You don't realize you're tearing up until the dampness on your cheeks start to feel cold from the chill in the air. You wipe at your tears and cough out a laugh at what's happening. Quinn's sitting next to you, in the middle of the night, after not being next to you for almost a year, offering you a ring. Not friendship, but a fucking ring. 

You spin the oversized ring around your finger and stare at it in wonder. You smile, because this ring is from Quinn, because Quinn broke up with Clark, because Quinn is sitting on your stoop and just asked you to marry her. 

You don't answer her, because you know it shouldn't be this easy for her. She can't just come back with a charming smile and some fancy jewelry, so you don't verbally accept her proposal. 

Instead you look her in the eyes, for the first time in a long time, and you lean in. Quinn closes her eyes, meets you halfway, but you keep your eyes open the whole time, just to make sure that this is real.

Her lips are cold and chapped; nothing like you imagined they would feel. You smile into the kiss, because this is better than what you imagined. These are Quinn's lips you're touching with your own, kissing her soundly, nervously, for the first time and hopefully not the last.

When you separate, Quinn's wearing this look, a mixture between goo goo and gaga. Her cheeks are rosy red, but you're not sure if it's because of the cold or not, so you reach up to touch her cheek. She sighs into the touch as you lean in to peck her on the jaw. 

You're wearing her ring as you stand up and enter your apartment building. Quinn watches silently as you ascend the steps before calling out to you. "Rachel?" she says questioningly, waiting for a response to her proposal.

You look over your shoulder, turn the ring around and around your finger, and you give her a smile. Quinn smiles back, hesitant and unsure. "Good night, Quinn," you say.

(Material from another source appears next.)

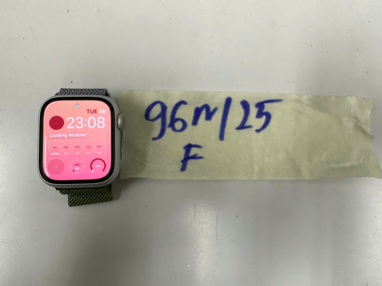 Ngày tiếp nhận: 14/01/2025 Mã hồ sơ: 96N2025F Mô tả: 01 đồng hồ apple watch serial 8 dây kim loại màu xanh rêu và màu tím. |

"Wait," she says, pinching her eyebrows together in confusion as she shoots up from the steps. "Was that a yes?" You know she's referring to the kiss by the way she bashfully bows her head and licks her lips. 

"It's not a no," you reassure her, smiling. "Keep in touch this time around, and maybe you'll find out."

You fully enter your apartment building without looking back this time, and you smile when you hear a sigh of relief behind you.